§ **Exercise instructions**
All that is wanted is the exact text of the lines below from the one with "you’ll feel alive" through the one with "pressure:160 t distance", inclusive, minus any pictures.

*** Information provided

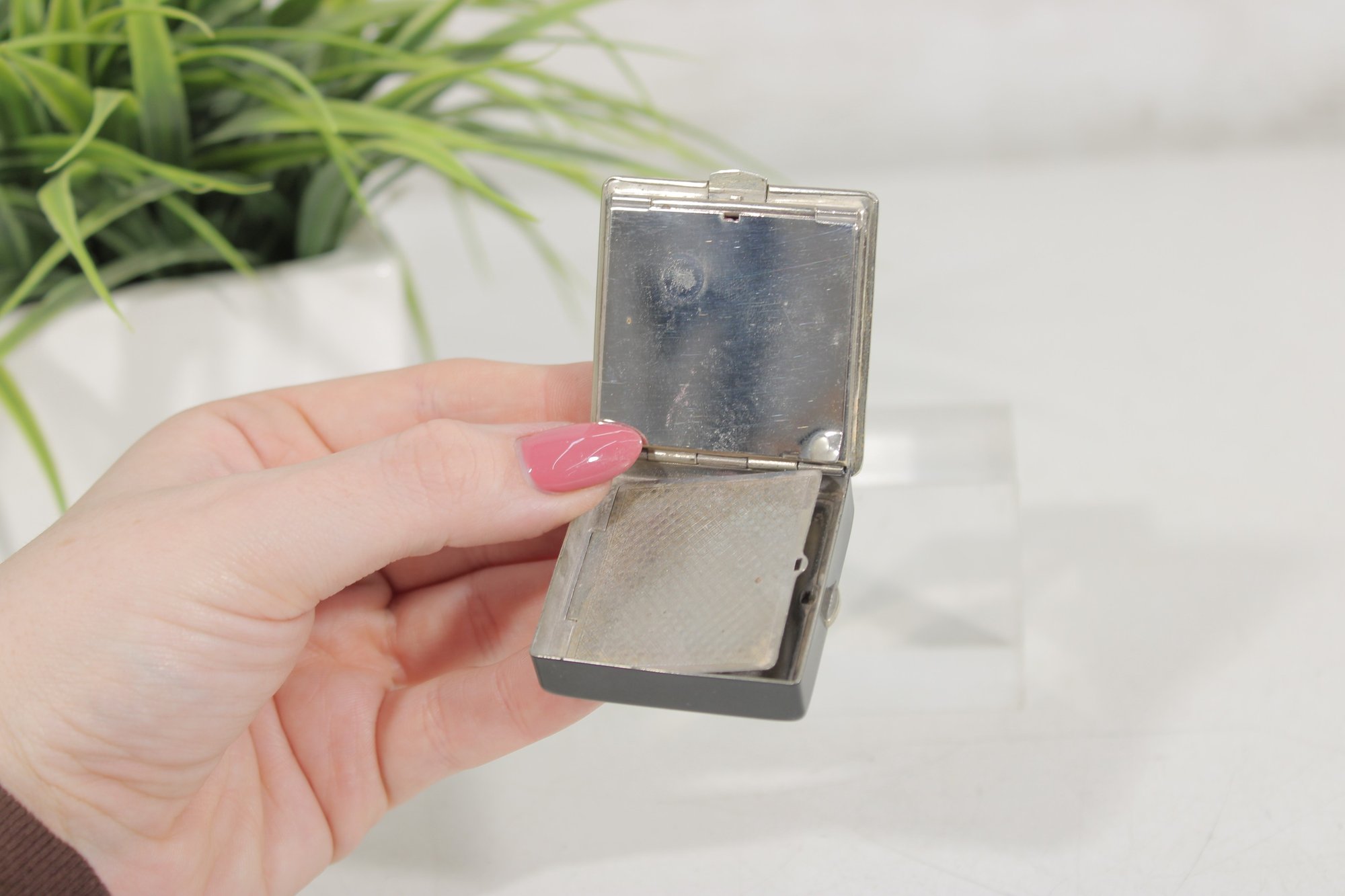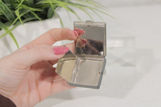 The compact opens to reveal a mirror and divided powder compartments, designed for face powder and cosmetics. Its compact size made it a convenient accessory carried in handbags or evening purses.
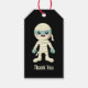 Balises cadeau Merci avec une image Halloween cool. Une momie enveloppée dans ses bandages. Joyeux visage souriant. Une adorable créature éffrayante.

******
*** Information provided

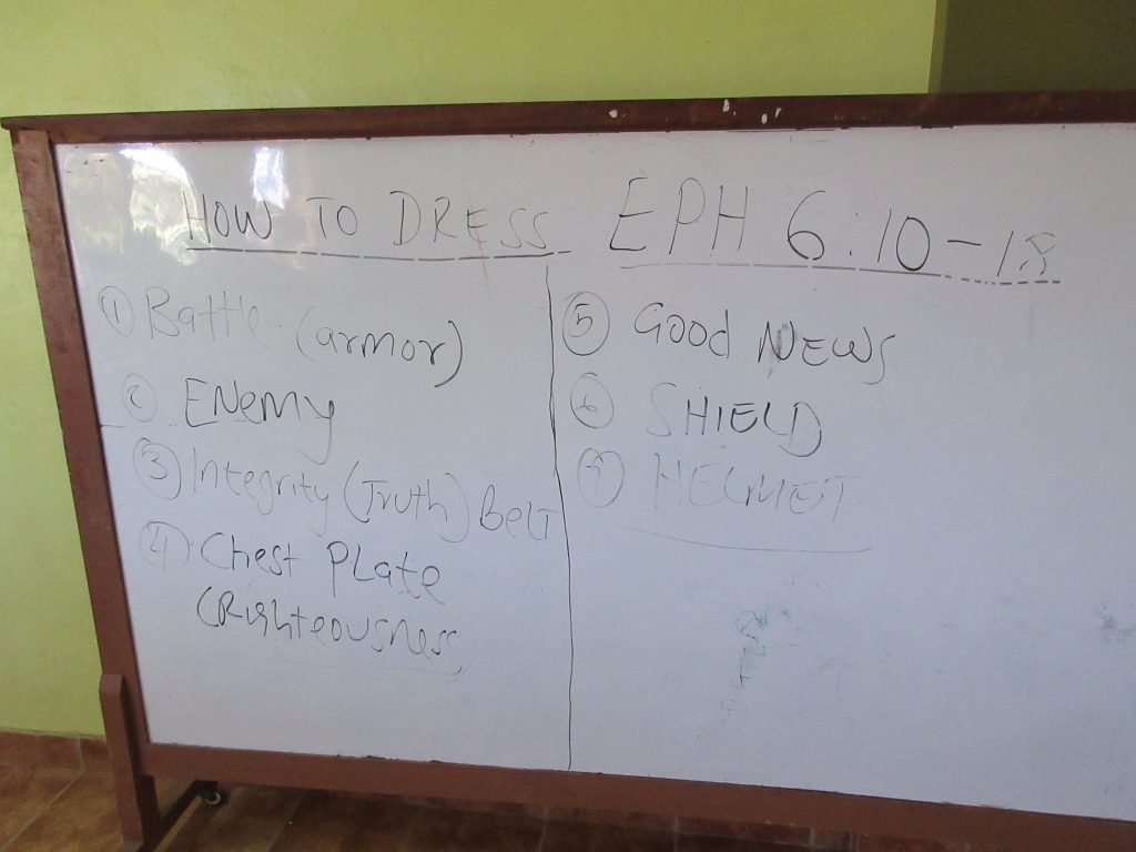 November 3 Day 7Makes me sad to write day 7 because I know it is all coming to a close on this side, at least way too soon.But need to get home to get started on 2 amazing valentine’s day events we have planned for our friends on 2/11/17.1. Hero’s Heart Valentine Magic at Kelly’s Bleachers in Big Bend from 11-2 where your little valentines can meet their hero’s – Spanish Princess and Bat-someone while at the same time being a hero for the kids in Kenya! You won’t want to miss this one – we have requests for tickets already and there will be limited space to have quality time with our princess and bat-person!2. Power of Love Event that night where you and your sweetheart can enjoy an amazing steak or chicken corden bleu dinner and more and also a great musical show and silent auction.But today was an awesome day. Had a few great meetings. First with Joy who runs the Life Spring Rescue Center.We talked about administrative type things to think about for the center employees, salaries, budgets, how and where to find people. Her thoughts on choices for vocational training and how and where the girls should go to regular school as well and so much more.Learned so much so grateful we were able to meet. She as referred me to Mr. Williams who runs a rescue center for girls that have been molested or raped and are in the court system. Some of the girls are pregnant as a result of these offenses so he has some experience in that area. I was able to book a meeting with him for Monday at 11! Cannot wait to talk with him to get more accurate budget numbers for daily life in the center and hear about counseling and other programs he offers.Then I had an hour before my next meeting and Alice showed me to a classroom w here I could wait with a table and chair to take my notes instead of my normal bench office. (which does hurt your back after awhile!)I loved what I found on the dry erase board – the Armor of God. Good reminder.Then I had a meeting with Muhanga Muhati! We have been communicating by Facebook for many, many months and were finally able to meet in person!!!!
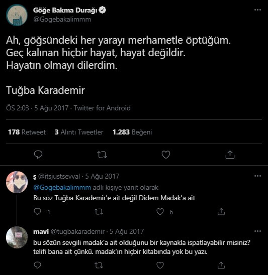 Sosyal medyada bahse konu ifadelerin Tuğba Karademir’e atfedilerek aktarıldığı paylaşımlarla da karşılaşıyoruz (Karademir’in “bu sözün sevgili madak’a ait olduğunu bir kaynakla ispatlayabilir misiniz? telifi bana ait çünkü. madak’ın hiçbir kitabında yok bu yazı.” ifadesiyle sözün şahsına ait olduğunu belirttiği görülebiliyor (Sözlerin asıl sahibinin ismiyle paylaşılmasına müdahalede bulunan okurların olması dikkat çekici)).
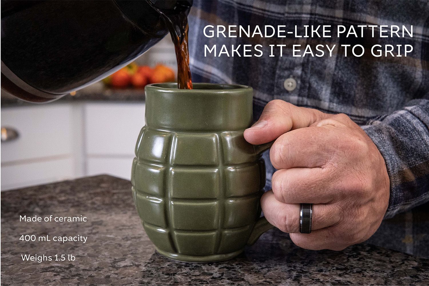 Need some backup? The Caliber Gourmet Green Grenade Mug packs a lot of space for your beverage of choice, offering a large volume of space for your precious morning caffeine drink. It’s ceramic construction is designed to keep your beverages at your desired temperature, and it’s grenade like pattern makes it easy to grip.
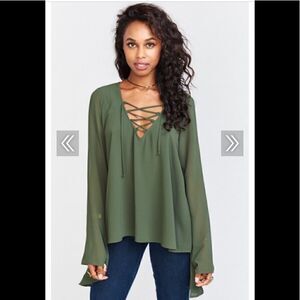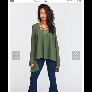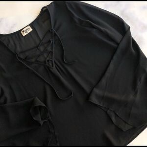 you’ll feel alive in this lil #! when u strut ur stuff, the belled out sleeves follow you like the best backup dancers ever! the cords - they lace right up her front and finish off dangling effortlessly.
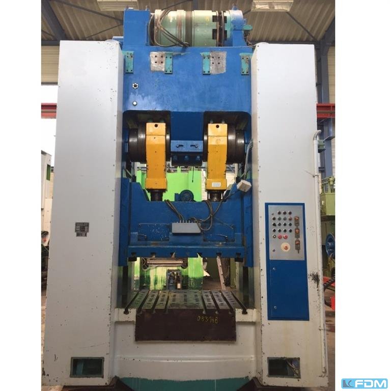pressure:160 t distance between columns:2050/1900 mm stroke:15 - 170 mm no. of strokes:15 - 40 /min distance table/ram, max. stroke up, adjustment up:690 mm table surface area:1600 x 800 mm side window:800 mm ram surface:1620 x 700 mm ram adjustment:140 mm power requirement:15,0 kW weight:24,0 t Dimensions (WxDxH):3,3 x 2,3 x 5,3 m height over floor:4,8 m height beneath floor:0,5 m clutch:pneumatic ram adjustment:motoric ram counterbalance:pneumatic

******
*** Information provided

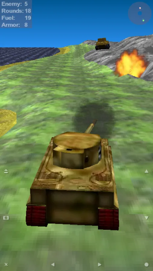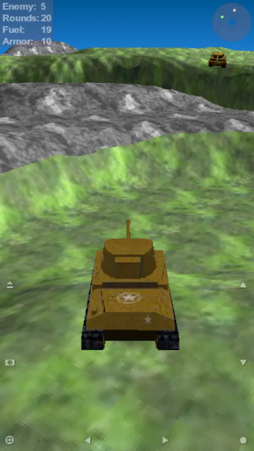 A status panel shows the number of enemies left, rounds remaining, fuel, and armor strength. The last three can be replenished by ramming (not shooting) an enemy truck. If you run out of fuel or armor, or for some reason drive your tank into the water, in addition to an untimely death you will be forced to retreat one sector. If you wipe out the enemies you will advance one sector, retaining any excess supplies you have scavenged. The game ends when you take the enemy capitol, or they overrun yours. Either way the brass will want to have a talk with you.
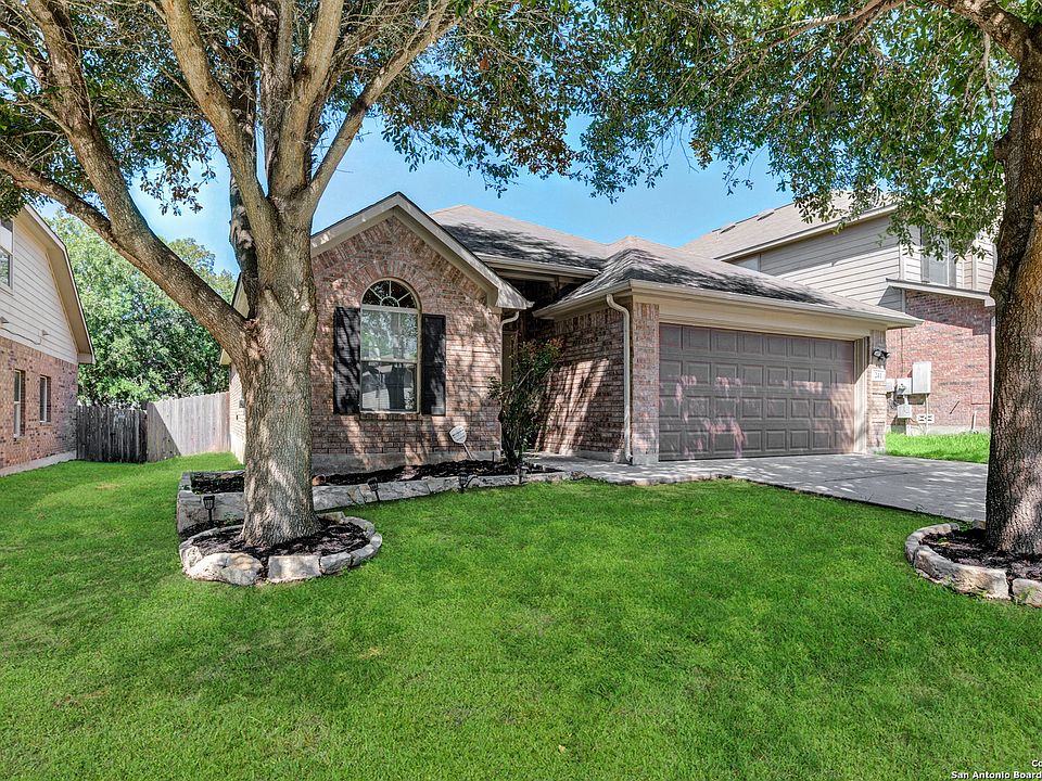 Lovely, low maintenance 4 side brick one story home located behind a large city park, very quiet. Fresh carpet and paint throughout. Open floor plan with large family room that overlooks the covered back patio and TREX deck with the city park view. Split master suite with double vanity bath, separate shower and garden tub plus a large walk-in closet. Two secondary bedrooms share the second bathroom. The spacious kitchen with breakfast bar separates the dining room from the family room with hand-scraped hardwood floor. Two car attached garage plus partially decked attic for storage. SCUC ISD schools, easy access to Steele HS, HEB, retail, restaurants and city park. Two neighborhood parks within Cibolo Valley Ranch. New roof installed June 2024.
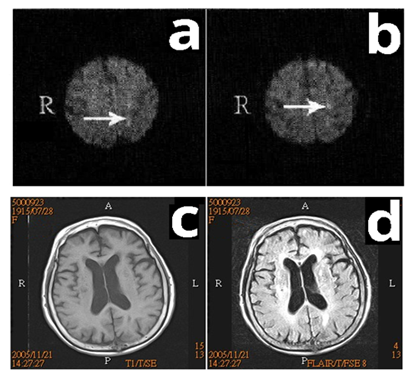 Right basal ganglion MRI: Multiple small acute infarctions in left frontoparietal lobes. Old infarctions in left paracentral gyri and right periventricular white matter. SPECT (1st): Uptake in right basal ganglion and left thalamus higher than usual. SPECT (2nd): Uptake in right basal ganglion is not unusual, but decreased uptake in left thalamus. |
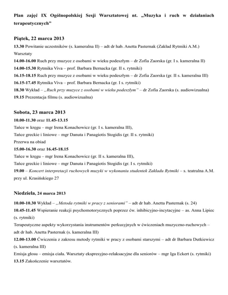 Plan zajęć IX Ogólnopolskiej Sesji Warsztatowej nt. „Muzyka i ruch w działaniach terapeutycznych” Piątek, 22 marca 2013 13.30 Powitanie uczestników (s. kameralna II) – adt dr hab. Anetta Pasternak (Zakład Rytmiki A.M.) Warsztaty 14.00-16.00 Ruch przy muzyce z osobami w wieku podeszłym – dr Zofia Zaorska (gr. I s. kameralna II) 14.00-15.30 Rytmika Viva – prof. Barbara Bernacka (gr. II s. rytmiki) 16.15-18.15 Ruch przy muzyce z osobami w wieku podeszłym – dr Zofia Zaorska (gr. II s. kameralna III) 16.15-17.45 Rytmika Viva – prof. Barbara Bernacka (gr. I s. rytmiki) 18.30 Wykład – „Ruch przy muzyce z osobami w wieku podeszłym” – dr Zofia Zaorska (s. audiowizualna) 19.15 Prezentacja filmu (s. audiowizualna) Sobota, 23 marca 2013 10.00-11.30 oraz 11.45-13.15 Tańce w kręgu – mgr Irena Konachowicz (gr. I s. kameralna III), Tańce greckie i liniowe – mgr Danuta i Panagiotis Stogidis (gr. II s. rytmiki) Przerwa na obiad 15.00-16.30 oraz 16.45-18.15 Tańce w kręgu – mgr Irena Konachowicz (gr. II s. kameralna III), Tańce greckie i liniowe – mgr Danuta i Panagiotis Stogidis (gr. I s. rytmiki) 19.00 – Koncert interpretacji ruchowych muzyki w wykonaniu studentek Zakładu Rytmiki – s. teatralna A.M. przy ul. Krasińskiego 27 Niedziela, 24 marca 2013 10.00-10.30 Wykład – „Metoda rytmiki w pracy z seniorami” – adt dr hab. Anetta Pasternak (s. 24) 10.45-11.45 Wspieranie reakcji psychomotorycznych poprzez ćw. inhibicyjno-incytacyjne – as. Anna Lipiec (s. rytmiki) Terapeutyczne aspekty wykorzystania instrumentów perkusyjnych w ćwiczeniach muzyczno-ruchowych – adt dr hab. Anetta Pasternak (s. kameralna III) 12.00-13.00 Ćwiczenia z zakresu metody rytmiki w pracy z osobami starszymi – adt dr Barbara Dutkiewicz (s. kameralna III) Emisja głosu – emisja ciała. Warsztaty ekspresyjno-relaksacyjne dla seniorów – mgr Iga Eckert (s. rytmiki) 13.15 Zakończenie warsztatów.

******

§ **Response box**
 you’ll feel alive in this lil #! when u strut ur stuff, the belled out sleeves follow you like the best backup dancers ever! the cords - they lace right up her front and finish off dangling effortlessly.
pressure:160 t distance between columns:2050/1900 mm stroke:15 - 170 mm no. of strokes:15 - 40 /min distance table/ram, max. stroke up, adjustment up:690 mm table surface area:1600 x 800 mm side window:800 mm ram surface:1620 x 700 mm ram adjustment:140 mm power requirement:15,0 kW weight:24,0 t Dimensions (WxDxH):3,3 x 2,3 x 5,3 m height over floor:4,8 m height beneath floor:0,5 m clutch:pneumatic ram adjustment:motoric ram counterbalance:pneumatic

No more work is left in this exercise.